Practice Questions (PQ)
PQ1. Consider the following statements regarding India’s petroleum taxation framework:
- Windfall tax on crude oil production was collected as a Special Additional Excise Duty (SAED).
- The tax rates were revised frequently depending on global oil prices and refining margins.
- The windfall tax applied only to foreign oil companies operating in India.
Which of the statements given above are correct?
(a) 1 and 2 only
(b) 2 and 3 only
(c) 1 and 3 only
(d) 1, 2 and 3
Answer: (a)1 and 2 only
Explanation
Statement 1-Correct
The windfall levy in India was implemented through Special Additional Excise Duty, imposed on domestically produced crude oil and exports of certain petroleum products.
Statement 2-Correct
Unlike normal taxes, the windfall tax rates were reviewed and adjusted frequently, sometimes every two weeks, depending on global crude prices and refining margins.
Statement 3-Incorrect
The tax applied to all producers and exporters operating in India, including domestic companies like ONGC as well as private refiners such as Reliance Industries.
PQ2. With reference to windfall taxes on oil companies globally, consider the following statements:
- Several countries introduced windfall taxes after the surge in global oil prices following the Russia-Ukraine conflict.
- Windfall taxes are generally permanent taxes applied irrespective of market conditions.
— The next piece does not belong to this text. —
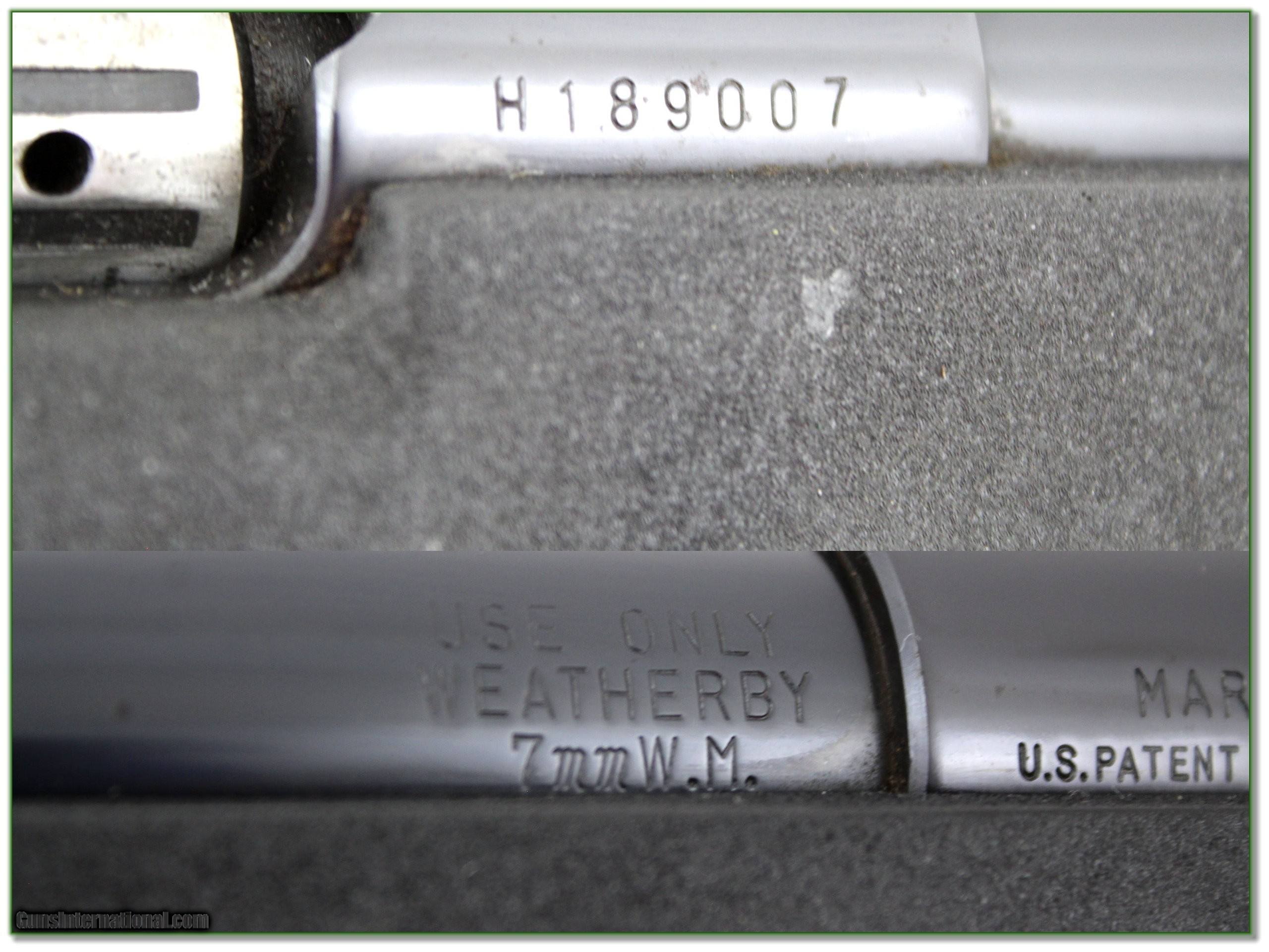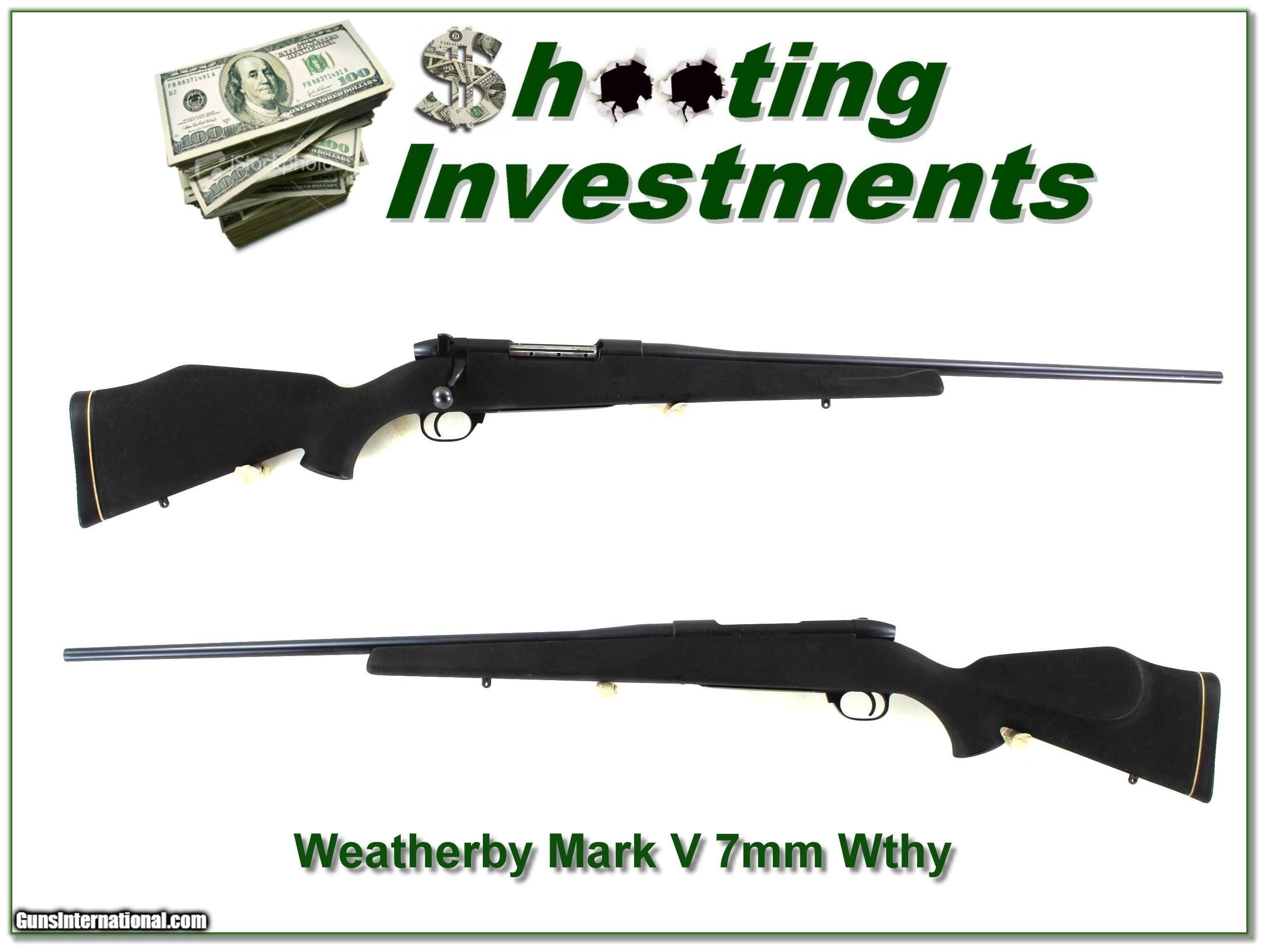 Description: Long range big game hunters, this is the original Weatherby Fibermark with white diamond in the pistol grip. It’s a 7mm Weatherby Magnum with lightweight 24in barrel. The blue is excellent with no marks or muzzle wear. I don’t think many rounds fired. The stock has a few minor marks here and there. It will make a classic high-end light weight hunting gun! Shipping and insurance is $49. Please email me with any questions or larger pictures. (Consign your quality firearms with Shooting Investments for only 12%! Let me know if you have any you would like to sell!) 23-0891 Payment: Payment is by Money Order, Cashier’s Check or Personal Check. I can now also accept Credit Cards (MasterCard, Visa, Discover & American Express) with a 3% convenience fee. Shipping: The shipping charge will be listed in each description. It is $49 for most firearms. Some heavy guns or those insured for over $2000 will be higher. Shipments to Alaska and Hawaii are higher because air shipment is required. Most firearms are shipped on Tuesday and Thursday and usually in 5 days of receipt of payment. We package all shipments carefully and insure them. Optics are shipped Priority Mail and most other non-firearm shipments are shipped First Class. Returns: Our return policy is simple. If for any reason you are not pleased with your purchase, you may return your item for a full refund of purchase price. Ammunition cannot be returned. It is important to us that you are happy. Guns cannot be fired or dissembled before returning them and they must be returned in the same condition as received. Notification of a return must occur within 3 days of receipt at your dealer. Shipping, convenience and dealer fees are not refundable and are the responsibility of the buyer. Lay-a-way: If needed, we offer a 60 day lay-a-way option on most firearms. It is 1/3 now, 1/3 in 30 days and 1/3 in 60 days. Lay-a-way firearm sales are final and cannot be returned. If a lay-a-way is not completed the first payment cannot be refunded. Consigning your firearms with Shooting Investments: We will help you get top dollar for your firearms. While most local guns shops charge 20% or more, our fee is only 12% with a minimum of $75. At your local gun shop it might take months to sell. Selling on-line provides instant access to thousands of interested buyers. You won’t find any other on-line dealer willing to sell your firearms for only 12% or listing every gun on 3 separate s. Selling through an House typically costs the seller 15% and the buyer an addition 15% (so 30%) and you have to wait several months to sell and longer to receive funds. If properly priced, we will sell your firearms within a few weeks. Send us an email or give us a call and we’ll explain how easy it is for you to get top dollar. Trading: Trading for us is really just buying your gun to re-sell. If you have a gun you want to trade, please email a picture and we will let you know what we can give for it. You will always get more if we sell it for you on consignment. SOLD |

- The objective of windfall taxes is often to redistribute extraordinary profits or support government finances.
Which of the statements given above are correct?
a) 1 and 2 only
b) 1 and 3 only
c) 2 and 3 only
d) 1, 2 and 3
Answer: (b)1 and 3 only
Explanation:
Statement 1-Correct
Many countries, including India, the UK and several European nations, introduced windfall taxes when global oil and gas companies recorded unusually high profits during the energy crisis.
Statement 2-Incorrect
Windfall taxes are typically temporary measures and are imposed only when extraordinary profits occur due to exceptional market conditions.
Statement 3-Correct
Governments often use windfall taxes to capture part of the unexpected profits and use the revenue for subsidies, welfare spending or fiscal stabilisation.
PQ3. Consider the following statements regarding India’s petroleum refining sector:
- India is one of the largest petroleum product exporters in Asia.
- Export duties on refined petroleum products can influence refinery profitability and export competitiveness.
- India imports crude oil but exports refined petroleum products such as diesel and petrol.
Which of the statements given above are correct?
a) 1 and 2 only
b) 2 and 3 only
c) 1 and 3 only
d) 1, 2 and 3
Answer: (d) 1,2 and 3
Explanation:
Statement 1-Correct
India has one of the largest refining capacities in Asia, enabling it to export large volumes of refined petroleum products.
Statement 2-Correct
Export duties such as windfall taxes can reduce refinery margins and affect competitiveness in international markets.
Statement 3-Correct
Although India imports a large share of its crude oil, it processes it in domestic refineries and exports refined products like diesel, petrol and aviation turbine fuel.
Previous Year Question (UPSC Prelims)
Consider the following statements:
- India has moved towards market-determined pricing of petrol and diesel.
- The government continues to regulate the retail prices of petrol and diesel directly.
Which of the statements given above is/are correct?
a) 1 only
b) 2 only
c) both 1 and 2
d) neither 1 nor 2
Answer: (a)1 only
Explanation
Statement 1-Correct
India introduced market-linked pricing for petrol (2010) and diesel (2014), allowing oil marketing companies to revise prices based on global crude oil prices and exchange rates.
Statement 2-Incorrect
The government does not directly regulate retail prices now, though it may influence them indirectly through tax changes, subsidies or policy decisions.